What is your Salary Requirement?

There it is on the online application—the question no one can figure out how to answer.  It is usually accompanied by: Do Not Leave Blank, and if you are online, this is a required field that will not allow the screen to progress unless you fill something in.  You are stuck.  And in your mind, screwed.

Why do they need to know this?  For many reasons, most of them not helpful to your end of the negotiations that you  imagine have begun.  You think you have opened what will become a negotiation process:  “You give me this job and I will give you something of value,” is the message I assume you want to convey.  Answer this question wrong, in your mind, and the negotiation is over before you get to really offer the value.

It is not a trick question.  At this stage, the employer is not in negotiations.  The employer isn’t looking for a few words that suggest you are willing to take whatever the job pays because it is your only goal in life to get this amazing opportunity.  The employer just wants to know the part of the value equation that is not on your resume.

Time, money, information, humans are all scarce resources in organizations, and spending time, money, information or humans on you has to be justified.  If your salary requirement is out of the ballpark, it’s over.  But “out of the ballpark” is an interesting issue.  Recruiters are paid to spot value, and if your requirement is high, and your offering is exceptional, you might get a call asking you how firm that requirement is, and seeking at least a phone screening.  Employers know that pay is not one number.  They have the means to work with you, if you are chosen and if you choose them.
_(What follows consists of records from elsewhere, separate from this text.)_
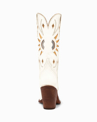 A glamorous cowboy boot handcrafted in a luxurious white leather with metallic cutouts and stitching and a higher 90mm/3.54" heel. PRODUCT DESCRIPTION Pull on mid calf boot with classic cowboy silhouette. Calfskin upper with metallic details. 90mm/3.54" heel height. 6mm padded insole. Leather lining. Leather outsole with stitched welt. Signature Partlow plaque. Handcrafted in Italy. DETAILS AND CARE Brush off any dust or dirt with a soft bristle brush or soft cloth. Store boots in protective dustbags provided between wearings.
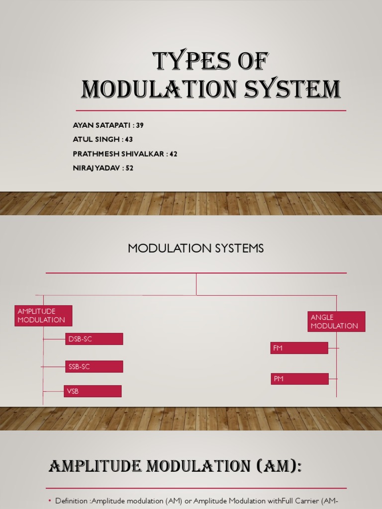 Types of Modulation System: Ayan Satapati: 39 Atul Singh: 43 Prathmesh ...
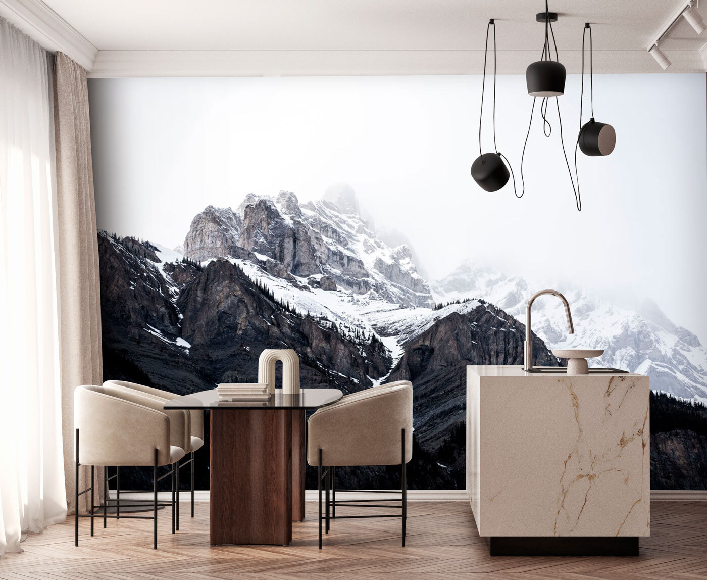 Coloca este mural en tu salón o dormitorio y, de repente, cada día te parecerá un poco más aventurero. Casi puedes sentir la brisa fresca y oír el suave crujido de la nieve bajo las botas. Además, ¿ese marcado contraste de roca oscura y escarpada contra la nieve blanca? Tan dramático como tranquilizador.
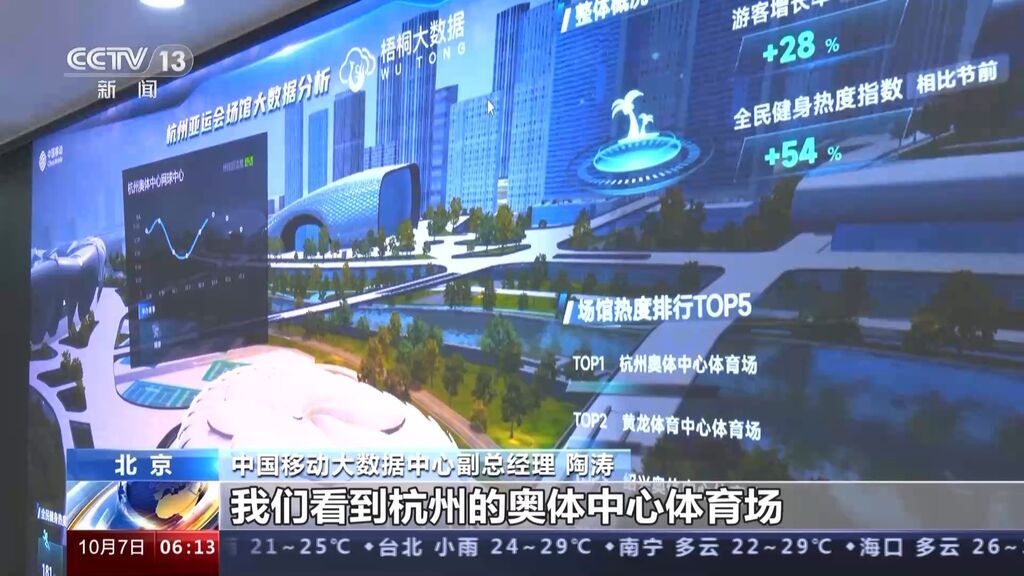 中国移动大数据中心副总经理 陶涛:前往亚运会主要举办城市的游客的数量相比节前一周日均增幅超过28%,主要是来自长三角地区以及津京冀等地区。根据我们对于线上订票以及搜索这些数据的分析,我们看到杭州的奥体中心体育场、黄龙体育中心体育场以及绍兴奥体中心体育馆这三个场馆是最热的体育场馆。
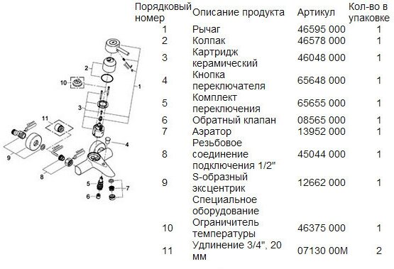 | Форма излива | традиционная |

On the other hand, if you price yourself so far below the market that you look strangely out of sync, you will be assumed to be puffing up your resume, or desperate, or uninformed, or not worthy.  In this case, you are less likely to get a confirming call.  Applicants who undervalue the job by reporting that they have low expectations are not as desirable as those who overestimate the needs of the company.

The reasons for asking the question are:

  • The employer (or recruiting firm) wants to validate that you are in the labor market that was targeted for this job, and the pay point is a good clue.
  • Your expectations are material to the question of whether or not you are worth the time it will take to court you, meet you, evaluate you, present you, keep you interested, and get you hired.  The farther above the employer’s highest number your own number resides, the less worth the effort you appear to be.  If you turn down the job after a long process, it affects the morale of all involved, and that really is important to the organization.
  • The employer wants to validate that you and your resume are legit.  Organizations study compensation and they know what jobs pay and what industries are leaders or laggers.  If you are off in a corner doing everyone else’s work for nowhere near what the job you say you have should pay, it’s going to look like something is wrong.  Wrong looking things aren’t appealing to someone who is seeking to mitigate as much risk as possible (i.e., a first line recruiter).
  • The employer wants to manage turnover.  Sure you know you were overpaid.  Sure you would be willing to accept less.  Sure you know that job is three levels below where you last sat in the org chart.  And you also know that your decision to pursue a lesser job is part of a deliberate decision to do things differently, right?  Take less responsibility, work fewer hours, don’t bring the problems home, enjoy life more, give your spouse a turn at the wheel, live each day to its fullest.  To some employers, that represents probably turnover.

How to handle the question:

  • Research the industry, job, geography, the company, and any other special circumstances.  Know how pay works, and target the number that makes sense to you based on all the things you know.  Stay focused on the company, not on the cost of your commute, the pay you got on your last job, or what your roommate or spouse is making.
  • Provide a real number, not an excuse for a number.  Don’t insert the word “negotiable,” it just takes points off, and could get you relegated to a maybe pile instead of a follow up file.  It only takes a few competitive apps to get you knocked out of the running for something silly.
  • Pick a round number, one with zeroes in it.  It looks more negotiable than the word negotiable.
  • Do not establish a low-ball number because you think it will make you look competitive.  It makes you look ineligible.
  • Do not report that you are only working for benefits, whether you are young, older, or the member of your family that isn’t self-employed.  This is not a good idea.  I will do a whole blog on this subject, but not today.
  • Tell the truth.  You do not have a leg to stand on if your answer isn’t somewhere close to the actual truth.  Eventually you won’t remember what you wrote down, and then you will be in an interview, and the issue will come up, and you will say something that isn’t what you wrote.  On this subject, the truth probably is that most of us don’t really care about the hair splitting number, but we do have a big rounded-off number in mind.  Use that one.

My last words of advice on this are what I usually say.  You should not be blindly completing online applications unless someone who already has your resume and your back has directed you to, at which point you’ve been given the answer to the question already.  When you see a posting or learn of a job, think of whom you might know in that organization.  Your real challenge is to get into a conversation with a decision-maker who can and who wants to help you elevate your candidacy before you have to answer the questions in the boxes on the application.